Pavel Janák was ordered to redesign the project of reconstruction of the palace and the annex several times. The reconstruction of the baroque palace was not completed until 1929 - 1934. Construction of the annex was started in 1937 according to Janák´s tenth project. Thus the so called Janák Annex was completed during the Nazi occupation of Czechoslovakia in 1940.
Years after 1925 are marked as a late period of Janak´s work. At that time Janak left cubism and turned to purism. Janák Annex was inspired by bare brick style of the Dutch modernism.
Janák Annex is an austere building, completely conformed to its function of an office building. A plain facade is structured by horizontal lines of windows. Axes of the main and traverse wings of Janák Annex are formed by corridors with adjacent office rooms. There is a paternoster lift in the building.
Janák successfully linked the annex with the Czernin Palace proper. Contrary to projects of other participants of the architecture competition for the palace reconstruction (Bedřich Bendelmayer, Bohumil Hypšman, Kamil Roškot) Janák subordinated the annex to the original building. The Czernin Palace retained its position as a dominant of the complex of the Ministry of Foreign Affairs as well as of the whole Loretánské náměstí square.
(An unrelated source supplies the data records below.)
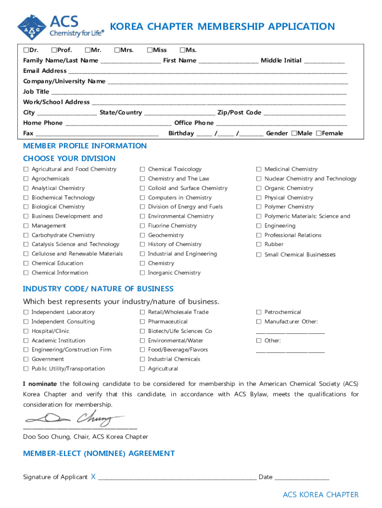 KOREA CHAPTER MEMBERSHIP APPLICATION Dr.Prof.Mr.Mrs.MissMs.Family Name/Last Name ___ First Name ___ Middle Initial ___ Email Address ___ Company/University Name ___ Job Title ___ Work/School Address
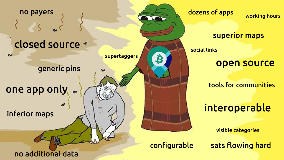 BTCmap is open source, built on OpenStreetMaps, open to both developers contributions but also for map taggers (called shadowy supertaggers). Anyone can contribute, even If you don't code. Anyone can verify merchants or add new merchants to the map. BTC Map team developed a neat system of verifications that just works better than anything before or any alternative maps today.
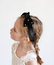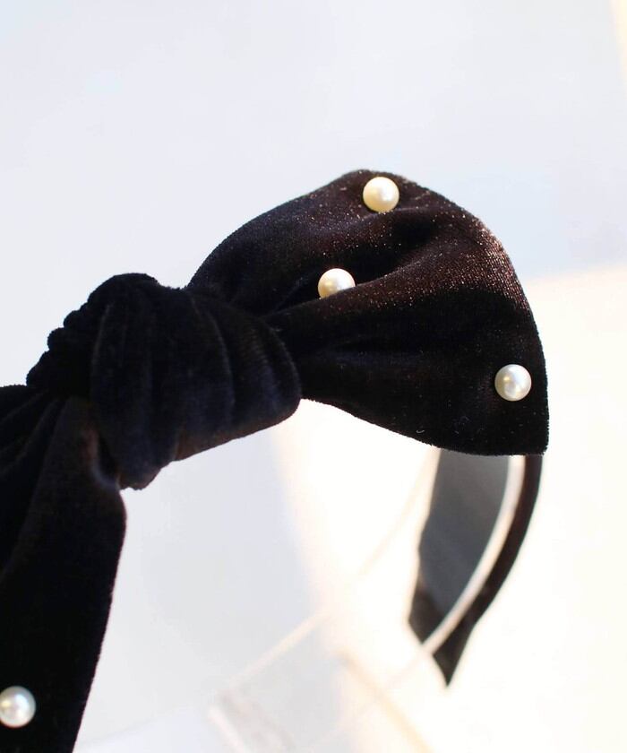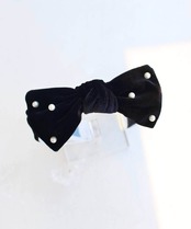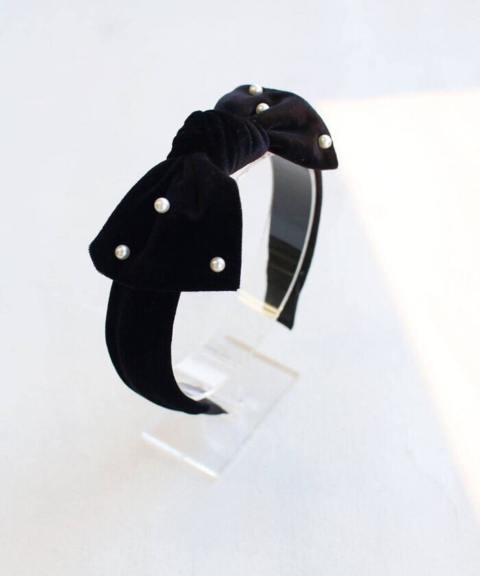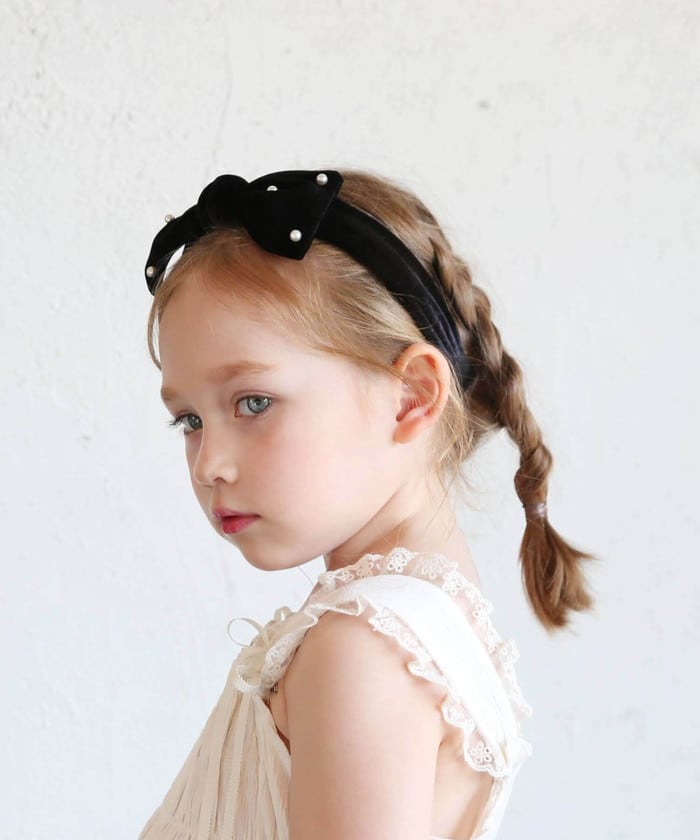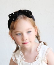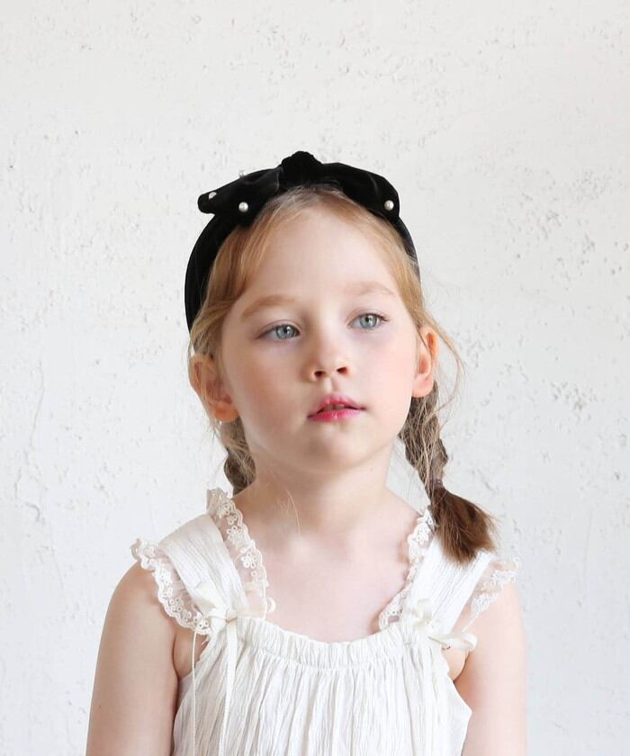・ベロア素材で仕上げたリボンカチューシャにパールが雪のように輝き、幅広で大人っぽいデザインが子供の美しい髪を彩ります。
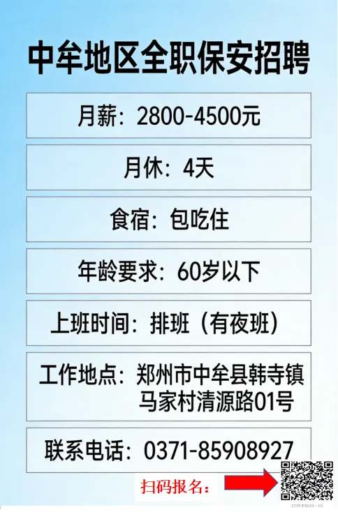 河南黄锦物业开年招聘,现有多个保洁、洗碗、维修、保安岗位招聘,所有岗位均享受薪资准时、三节福利、免费工装!欢迎推荐、自荐、转发:
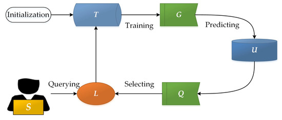 The key hypothesis of active learning is that if the learning algorithm is allowed to choose the data from which it learns to be “curious”, it will perform well with less training [28]. An active learning model includes a supervised predictive model (G), a training sample set (T), a query function (Q), an unlabeled sample set (U), a supervisor (S), and a queried sample set (L).
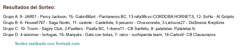 Lista de participantes: rbens11 - CB Sanfeliu, Paellero - Paella BC, Lietuvos27 - Didžiosios Krepšinis, aranmar - tortugas, jesusmr - Chococrestis, House0767 - Saga Norén, raico - cuchipanda team, pataletas- Pataletas.fc, JAR01 - Percy Jackson, Trovin - Sagiry Club, castote - Castellote, SoHo - Al Golpito, rafa98cvc-CORDOBA HORNETS, CarlosV- CB Clausurazos, Gabri4Mart - Pantaneros BC, Marqués - Gato con botas.
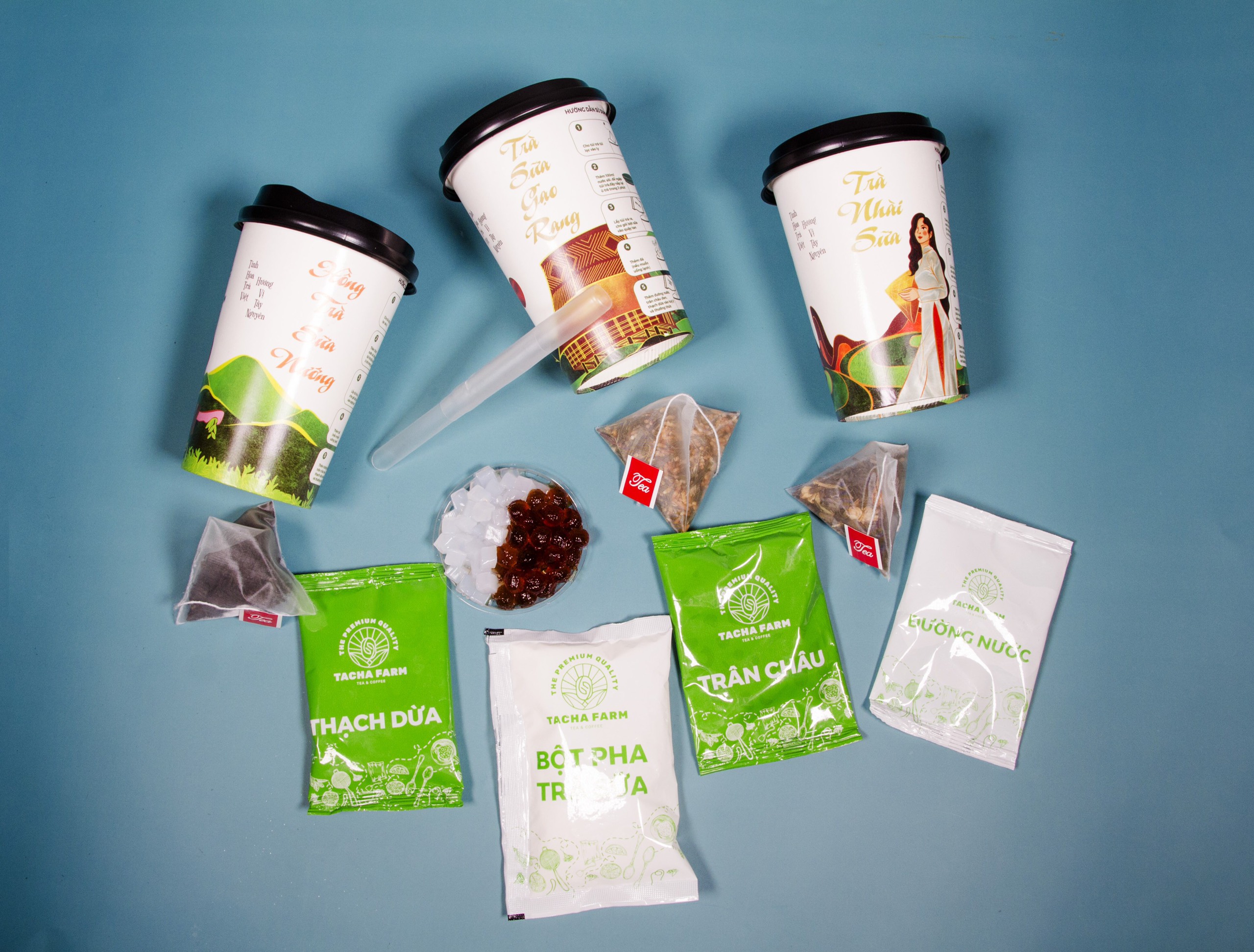 Trong 1 ly trà sữa tự pha TACHA FARM vị Hồng Trà sữa nướng gồm: - 1 Túi trà túi lọc vị hồng trà nướng - 1 túi bột pha trà sữa - 1 túi

Janák hid the annex behind the palace to be visible only from a narrow view point at a border of the Prague Castle District. Although the architect had thought about linking the main staircase to the annex at first, he left the idea. Both buildings have been connected by narrow passageways in side wings. Different floor levels was a further issue, a ceiling of the palace ground floor being in the same height as a ceiling of the first floor of the annex. Janák solved the problem smartly having linked both ground floors and having closed a corridor in the first floor of the annex by a wall and a circle window. The circle window seemingly elongates an upper part of the corridor in the ground floor of the palace.